> [Prompt] Within the entries below, please retype exactly the lines starting with the line that has "We crossed the" and going on through the line that has "体育资讯01月08日讯 U2", but not the pictures.

** Excerpted data follows **

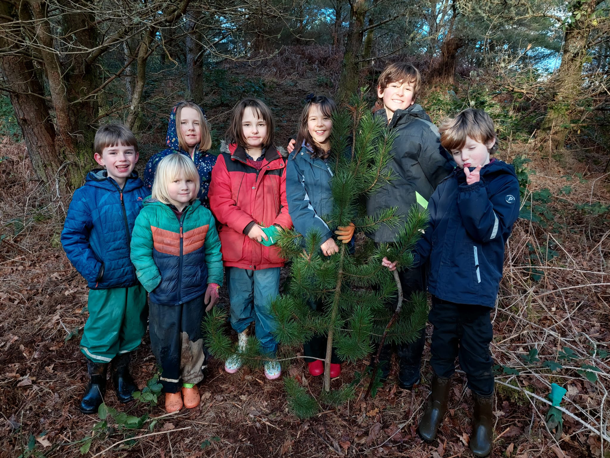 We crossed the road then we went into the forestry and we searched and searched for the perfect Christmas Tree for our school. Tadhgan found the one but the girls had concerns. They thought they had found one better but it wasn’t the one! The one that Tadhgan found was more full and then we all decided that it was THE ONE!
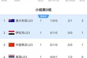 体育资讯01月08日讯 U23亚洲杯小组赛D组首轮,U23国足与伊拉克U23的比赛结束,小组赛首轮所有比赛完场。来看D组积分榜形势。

** End of Excerpted data **
** Excerpted data follows **

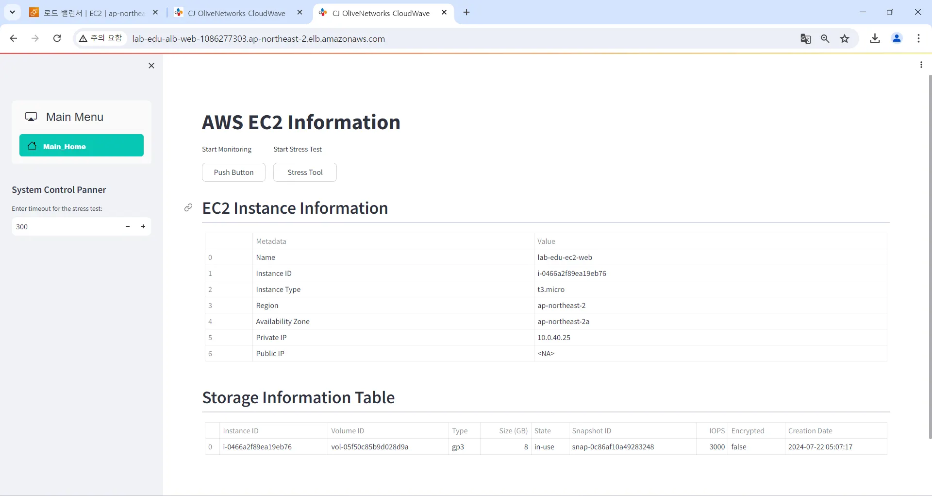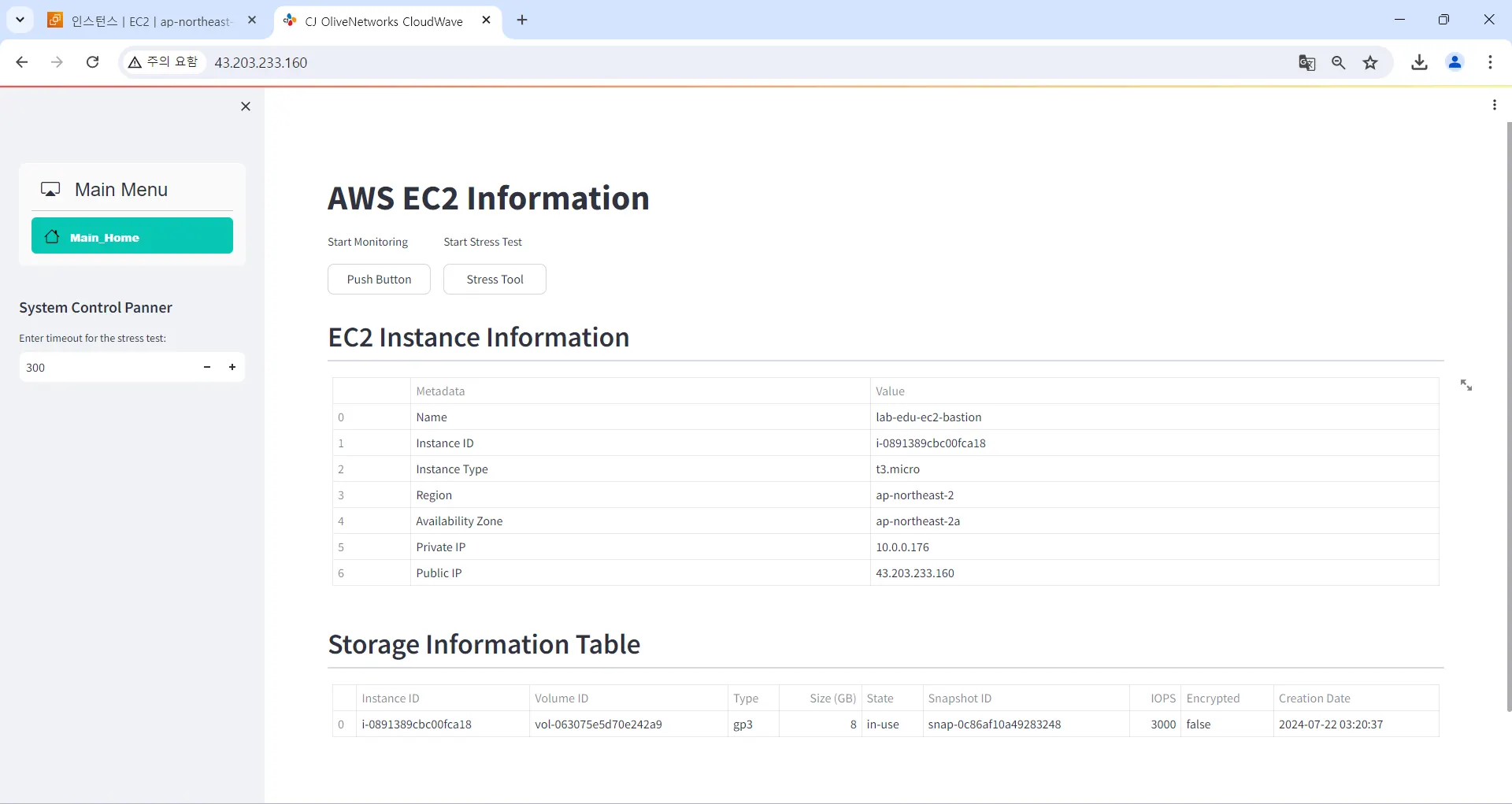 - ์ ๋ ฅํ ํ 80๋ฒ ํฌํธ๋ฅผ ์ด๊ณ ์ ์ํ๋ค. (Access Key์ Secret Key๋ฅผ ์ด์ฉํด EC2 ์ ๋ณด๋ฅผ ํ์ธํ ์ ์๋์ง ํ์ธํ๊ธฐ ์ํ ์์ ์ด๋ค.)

** End of Excerpted data **

> [Solution for this exercise]
 We crossed the road then we went into the forestry and we searched and searched for the perfect Christmas Tree for our school. Tadhgan found the one but the girls had concerns. They thought they had found one better but it wasn’t the one! The one that Tadhgan found was more full and then we all decided that it was THE ONE!
 体育资讯01月08日讯 U23亚洲杯小组赛D组首轮,U23国足与伊拉克U23的比赛结束,小组赛首轮所有比赛完场。来看D组积分榜形势。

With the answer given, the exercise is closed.